Some of their works will be staged Saturday night in the theater of Ms. Cheam Shapiro’s Khmer Arts compound in Takhmao City under the title of “Tompeang Snong Russey,” or “bamboo shoots come after bamboo tree.”

“I’m very pleased that the next generation is engaging in leadership role, taking the initiative of doing their own works,” she said. “They start thinking, interpreting their experience and translating it into Cambodian dance, which is their language…making dance relevant to them in the present time.”

The dance “Robam Virayeak” was a group effort as the five dancers performing it took part in its creation with Ms. Cheam Shapiro advising.

“Everybody was busy, but we were able to meet twice a week to discuss it,” said Sot Sovanndy who was responsible for the work.

“Everyone gave her idea to create the story and classical dance movements.”

Drawing inspiration from an episode of Khmer classical ballet in which an army general prepares his soldiers for battle, the dancers reinterpreted the scene as people getting ready to face the numerous obstacles one encounters in modern-day life.

Ms. Sovanndy, who studied classical dance at the Ministry of Culture’s Secondary School of Fine Arts and joined the Sophiline Arts Ensemble in 2007, did not find the transition from performer to choreographer easy to accomplish.

“It means carrying the burden and responsibility of the dance, of the choreography being right or wrong, easy or difficult,” the 24-year-old dancer said. “It’s very demanding, but also very interesting…to be able to come up with an idea for a story and develop a dance around it.”

Sot Sovanndy, left, and Sao Somaly perform in 'Robam Virayeak.' (John Shapiro)
Sot Sovanndy, left, and Sao Somaly perform in ‘Robam Virayeak.’ (John Shapiro)

Chao Socheata, who choreographed “Phob,” or womb, which will be performed by six dancers, also found the process challenging. In rehearsals, she said.

“One must keep in mind the story, the movements, the staging and how to direct the dancers.”

The 27-year-old dancer, who also studied at the secondary school before joining the Sophiline Arts Ensemble in 2006, had been thinking about addressing domestic violence through Khmer classical dance for several years.

“Whenever a father hits his wife, the couple is affected at 50 percent while their kids suffer 100 percent,” she said. “If the kids had a choice, they would stay in the womb with their parents taking care of each other and their children, with love and no violence.

“In the dance, I try to express this with a mixture of contemporary approach and classical dance.”

The third dance entitled “Beloved” was conceived and will be performed as a solo work by a long-time student of Ms.

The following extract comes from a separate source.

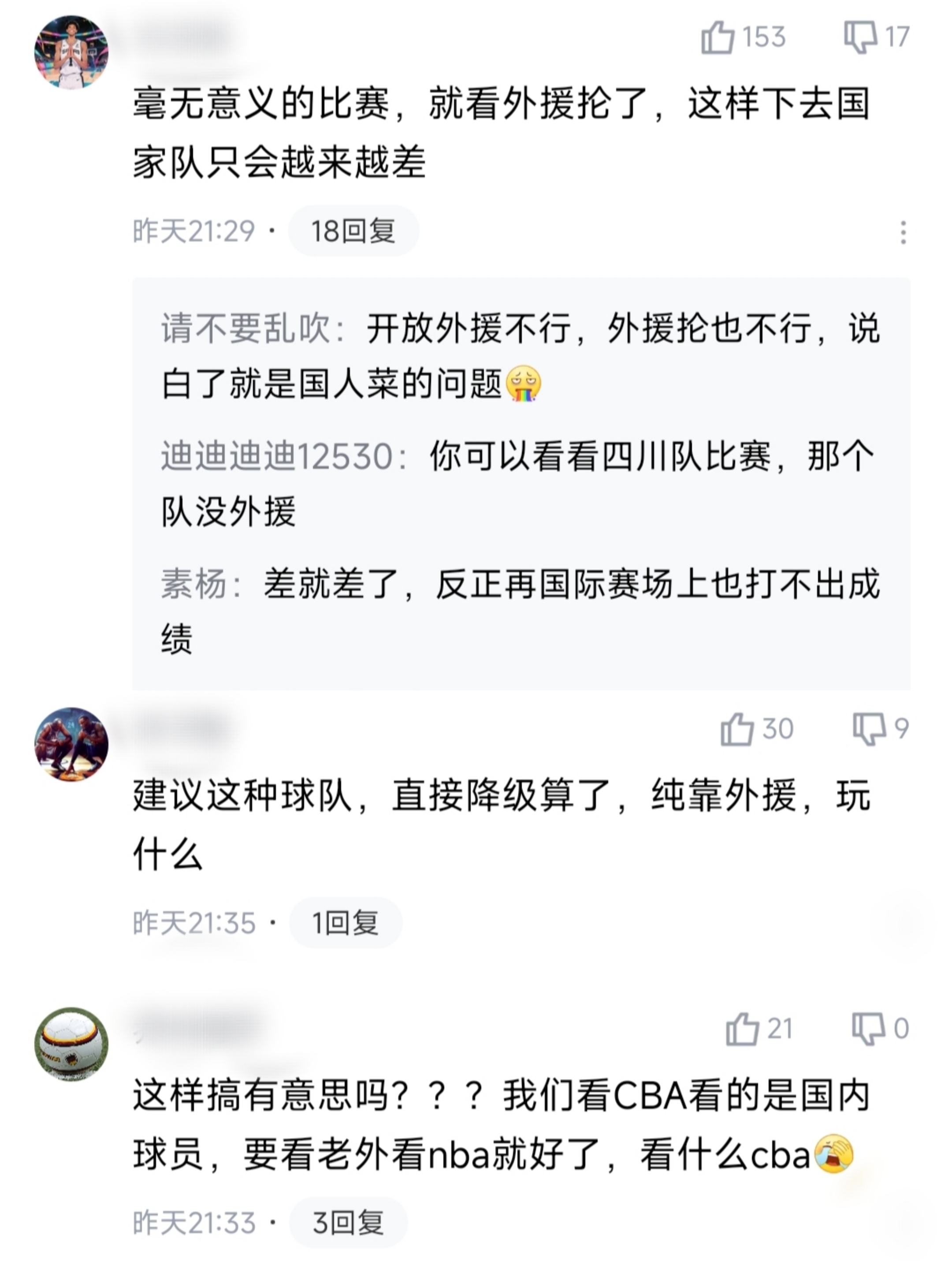 對于如此情況是引起熱議,部分球迷直言這就成為毫無意義的比賽,完全看著外援表演,國內的球員在進攻端幾乎無參與感,大部分時間都在跑動防守,偶爾得到機會也難以調動手感,對于他們來說沒有任何的鍛煉價值。

Cheam Shapiro.

Prumsodun Ok is a Cambodian-American born in Long Beach in 1987 who began studying with Ms. Cheam Shapiro at 13 and now serves as associate artistic director of the Khmer Arts Academy, founded by Ms. Cheam Shapiro in Long Beach. His work has been presented in San Francisco, Los Angeles and Mexico City, but not in Cambodia until this week.

In the dance, he revives an ancient Khmer ritual for lovemaking, but adapts it to reflect the experience of gay men.

“When we look at Khmer classical dance in its most ritualistic form, it’s like a mirror of heaven: It’s the warmth, harmony and well-being of heaven reflected in the choreographies,” Mr. Ok said.

“If there is no image of gay men in this mirror, that means we don’t exist, that means that people can make us invisible, that means that people can abuse us…. So for me to revive this ritual lovemaking and to cast that into the bodies of gay men creates a platform for the [gay] community within the tradition and therefore into the world.”

Mr. Ok has trained with Ms. Cheam Shapiro in both male and female roles in Khmer classical dance.

“Teaching, I have to know the different aesthetics of the characters: male, female, giant characters,” Ms. Cheam Shapiro explained. “So whoever wants to learn those roles has to fit those aesthetics whether they are male or female.”

Mr. Ok will perform the role in the female aesthetics, which is very challenging for him, Ms. Cheam Shapiro noted, adding that the all-male and all-female forms of dance in Cambodia have a tradition of men performing female roles and vice versa.

Saturday night’s performance will start at 7 p.m. at the Khmer Arts Theater, located on Street 115 in Takhmao City.